Roman Catholic diocese in Bangka Belitung Islands, Indonesia

The Roman Catholic Diocese of Pangkal-Pinang (Pangkalpinangen(sis)) is a diocese in the ecclesiastical province of the metropolitan Archdiocese of Palembang on Bangka Belitung Islands in Indonesia, yet depends on the missionary Congregation for the Evangelization of Peoples.

Its cathedral episcopal see is Katedral Santo Yosep, dedicated to Saint Joseph, in the city of Pangkal-Pinang, on Bangka Island.

== History ==
- 27 December 1923: Established as the Apostolic Prefecture of Bangka e Biliton, on territory split off from the Apostolic Prefecture of Sumatra
- 8 February 1951: Promoted and renamed after its see as the Apostolic Vicariate of Pangkal-Pinang
- 3 January 1961: Promoted as Diocese of Pangkal-Pinang

== Statistics ==
As per 2018, it pastorally served 55,421 Catholics (1.6% of 3,495,000 total) on 27,021 km^{2} in 17 parishes, 2 missions, with 77 priests (56 diocesan, 21 religious), 111 lay religious (27 brothers, 84 sisters), and 26 seminarians.

== Ordinaries ==
(all Roman Rite, so far members of missionary congregations)

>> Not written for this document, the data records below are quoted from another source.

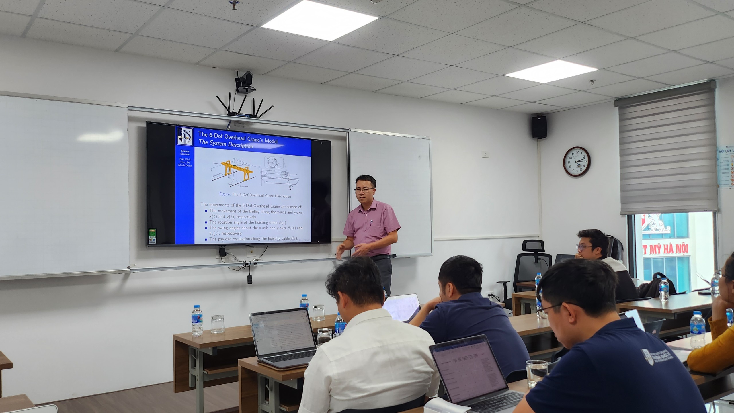 Hình 4: TS. Kim Đình Thái – giới thiệu về mô hình toán học của hệ cần cẩu 3D 6 bậc tự do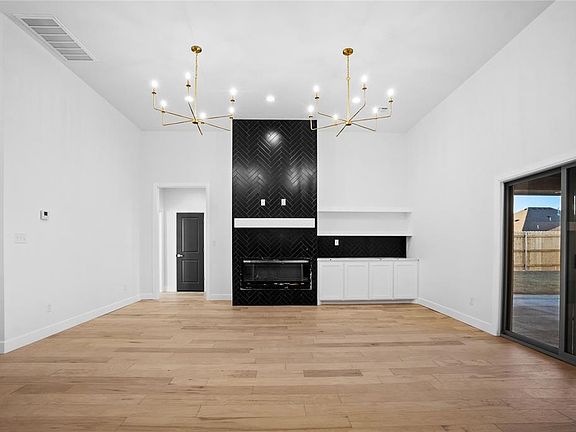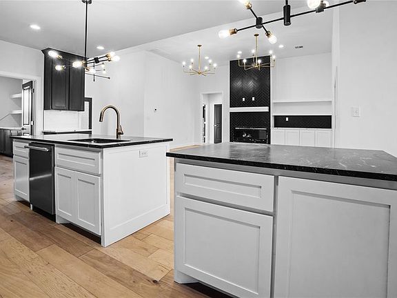 Gorgeous modern farmhouse designed home with high end finishes throughout. Incredible Kitchen with custom ebony cabinets include a double center island set off by striking quartz counters with ebony vein. Professional grade stainless appliances include gas range with convection baking. Under cabinet lighting illuminates the counter tops and the wood flooring. An entertainers dream Butler's Pantry off the Kitchen for massive amount of storage and prep space. Designer lighting & fans throughout. On demand tankless hot water. 12' ceiling in Living Rm set off by gas log fireplace. Bleached wood flooring throughout a large portion of the home. You are sure to love the restful Owner's Suite with raised ceiling, rich dark charcoal walls, large double walk-in closets with access to Laundry Rm. Double floating vanities w/ quartz counters. The wall of ebony herringbone laid tile is sure to set off the free-standing soaking tub with separate walk-in tile shower. All Bedrooms are nice sized with #2 featuring a private bath and #3 having double walk-in closets. Bonus: Home office space / craft room off garage service entrance w/ mud bench & storage. Large, covered patio with plenty of room for a swimming pool. Full sprinkler, sod, landscape & wood privacy fence included with home. 1 yr builder warranty.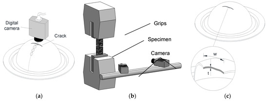 Schematic representation of (a) the computerised digital camera measuring system, (b) the digital image correlation system (DIC) and (c) the thickness measurements at the crack.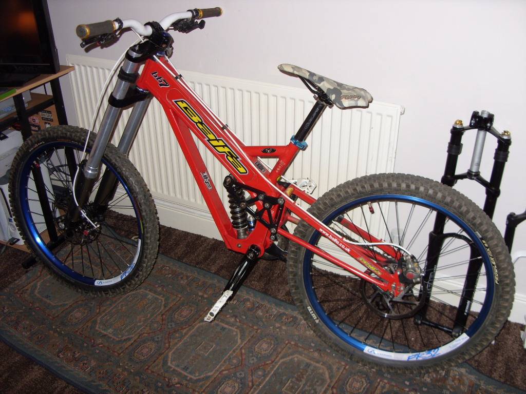 The missing decals will be replaced this winter after i've had it powdercoated (it's just spraypaint on it now) Spec: Balfa BB7 with Vivid 5.1 Pushed Rs Boxxer Team, sunline DM stem (no good fork, wouldn't recommend it) Deemax Hone cranks on the pic, now they are replaced with Saint Shimano Xt brakes with Goodridge The saddle is an old hucking-sofa i got with the frame, and took away the padding. Will be replaced when i have too much money and too little t spend the money on  It works good for the moment. Just the estethical bit. Nokian Gazza tyres (but now for the messy fall and winther there are wetscreams on) A modded LG1 chainguide XTR gears with XTR gearshifter Except the troubles with the fork, it's the most dialled bike i've ever ridden. Wouldn't trade it for anything.

- Apostolic Prefects of Bangka e Biliton
- Mgr Teodosio Herckenrath, Picpus Fathers, SS.CC. born Netherlands, the colonial homeland) (18 January 1924 – death 1928)
- Mgr Vito Bouma, SS.CC. (born Netherlands) (29 May 1928 – 1945)
- Mgr Van Soest, SS.CC. (born Netherlands) (1946-1951) as Apostolic Administrator vicar Apostolic Prefects of Bangka, Belitung and Riau

- Apostolic Vicar of Pangkal-Pinang
- Nicolas Pierre van der Westen, SS.CC. (born Netherlands) (8 February 1951 – 3 January 1961 see below), Titular Bishop of Bladia (1951.02.08 – 1961.01.03)

- Suffragan Bishops of Pangkal-Pinang
- Nicolas Pierre van der Westen, SS.CC. (see above 3 January 1961 – retired 11 November 1978), died 1982
- Mgr Rolf Reichenbach, SS.CC. (born in Cologne, in 1931, death in 2004) 1979-1987 as Apostolic Administrator of Diocese of Pangkalpinang
- Mgr Hilarius Moa Nurak, Divine Word Missionaries (S.V.D.) (born Indonesia) (30 March 1987 – death 29 April 2016)
- Mgr Yohanes Harun Yuwono Pr. (29 April 2016 – 28 June 2017) as Apostolic Administrator of Diocese of Pangkalpinang
- Mgr Adrianus Sunarko, O.F.M. (born Papua) (28 June 2017 - ...), no previous prelature.